In this article, we’ll share best practices for authoring private NuGet Packages.

Create a NuGet Package in the Enterprise

These days, the easiest way to create a NuGet package is using an SDK-style project. This newer project format includes the package metadata in the project file itself.

While Microsoft has a pretty good step-by-step tutorial on how to create and publish a NuGet package with Visual Studio, the publishing steps are for nuget.org, and it doesn’t give any guidance for how to manage your project once it’s created.

In general, your NuGet project should follow the same conventions that other projects at your organization use.

  • Single Project. This generally means having its own source code (git) repository and issue tracker… even if it’s a small library.
  • Wiki Page. A wiki page will be especially important, even if it’s just a readme file inside your repository. This will help other developers use the library, and allow them to build upon the documentation you start. At a minimum, it should have a brief description of the library, how to use/maintain the project, and links to the issue tracker.
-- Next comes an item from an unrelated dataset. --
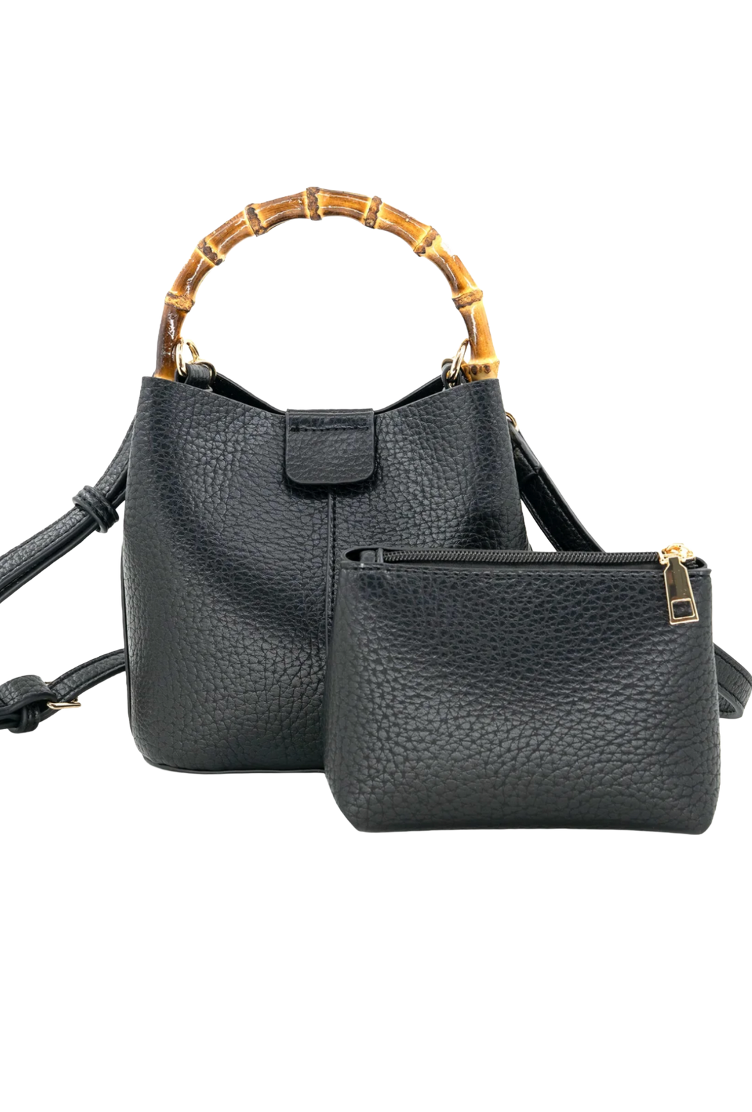 Bamboo Handle Mini Bucket Bag- Black

Later on, as you make major new versions of the package, you can add upgrade notes to the wiki page.
  • CI/CD Automation. Especially with tools like BuildMaster, it’s easy to create a CI/CD Pipeline for NuGet from the start so that even 1.0.0 is delivered as consistently as others.

Package Metadata in the Enterprise

Metadata is an important aspect of all NuGet packages. Standardizing which properties to use (and how) is important: the wrong metadata can lead to problems like confusion and wasted time for developers, or even deploying the wrong package to production.

You can set package metadata in Visual Studio (Project > [Project Name] Properties > Package), or directly in the project file. These will be added to the .nuspec file once the package is created.

Our general advice for Package Metadata in the enterprise is to keep it simple, and use only as few fields as necessary. Unlike many package authors on nuget.org, you’re not trying to “sell” people on using your package or win a popularity contest with the most downloads.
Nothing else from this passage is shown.